2. A frequency divider circuit comprising a four-terminal capacitive bridge formed of a rectangular prism of ferroelectric material and first and second pairs of conductive plates, the two plates of each of said pairs being disposed on two opposed faces of said prism, a source of substantially sinusoidal signal at a first frequency, said signal source being coupled to said first pair of opposite plates of said bridge for supplying energy thereto, a tunable inductor coupled across the second pair of said plates, said inductor being tuned to resonate with the capacitance of said bridge at a submultiple of said first frequency, means coupled to said inductor for momentarily inducing oscillations therein, and an output winding magnetically coupled to said inductor for deriving energy at said submultiple frequency from said inductor.

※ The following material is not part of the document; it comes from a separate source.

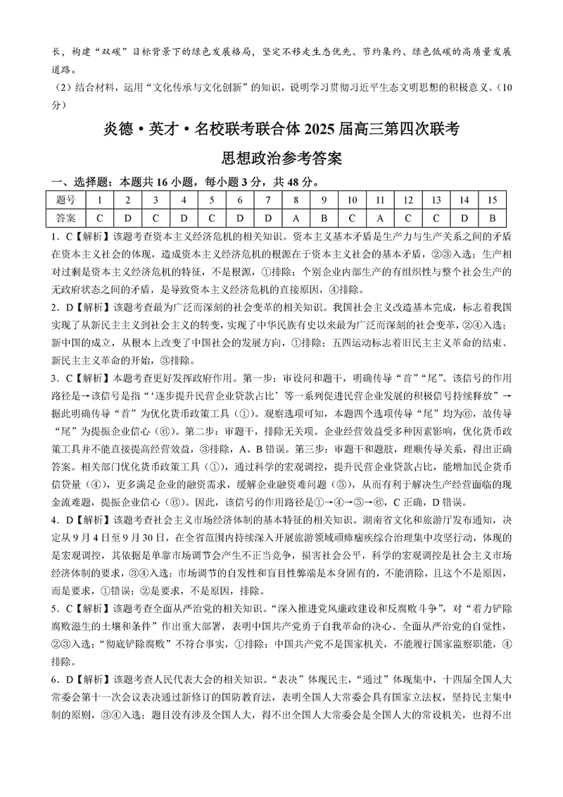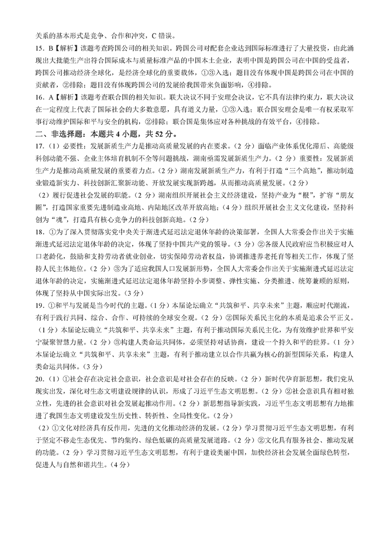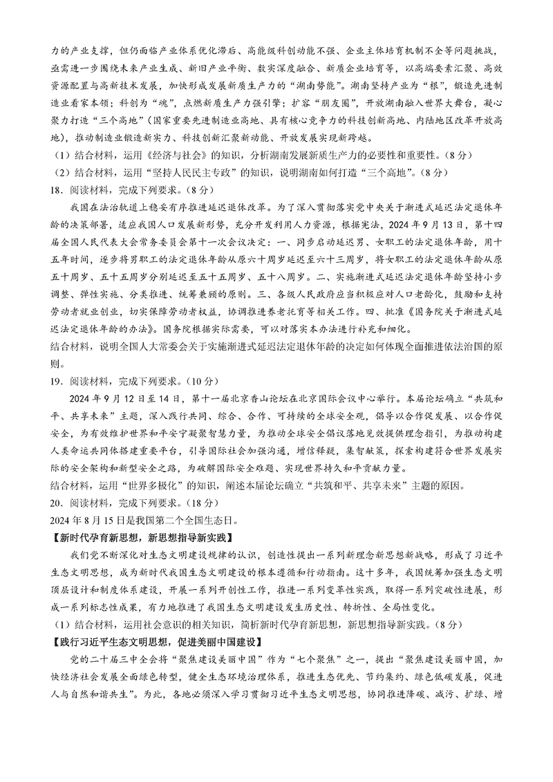 湖南名校联考联合体2025届高三第四次联考政治试题及答案

3. A frequency divider circuit comprising a multiterminal capacitive bridge formed of a substantially cubical prism of ferroelectric material and first, second and third pairs of conductive plates, the two plates of each of said pairs being disposed on two opposed faces of said prism, each of said pairs of plates being disposed on a separate pair of opposed faces, a source of substantially sinusoidal signal at a first frequency, said signal source being coupled to said first pair of opposite plates of said bridge for supplying energy thereto, first and second tunable inductors coupled across said second and third pairs of plates, respectively, said inductors being tuned to resonate with the capacitance of said bridge at submultiples of said first frequency, and an output winding magnetically coupled to one of said inductors for deriving energy at said submultiple frequency from said last-mentioned inductor.

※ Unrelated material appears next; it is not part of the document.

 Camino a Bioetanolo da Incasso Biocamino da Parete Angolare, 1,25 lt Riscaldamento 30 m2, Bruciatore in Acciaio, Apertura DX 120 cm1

4. A frequency divider circuit comprising a multiterminal capacitive bridge formed of a substantially cubical prism of ferroelectric material and first, second and third pairs of conductive plates, the two plates of each of said pairs being disposed on two opposed faces of said prism, each of said pairs of plates being disposed on a separate pair of opposed faces, first and second signal sources, the signal supplied by each of said sources including at least a substantially sinusoidal component, the sinusoidal component of the signals from said first and second sources having a common subharmonic frequency, said first and second sources being coupled to said first and second pairs of plates, respectively, a tunable inductor coupled across said third pair of plates, said inductor being tuned to resonate with the capacitance of said bridge at said common submultiple frequency and an output winding magnetically coupled to said inductor for deriving energy at said submultiple frequency from said inductor, said energy at said submultiple frequency having a phase directly related to the phases of said two applied signals.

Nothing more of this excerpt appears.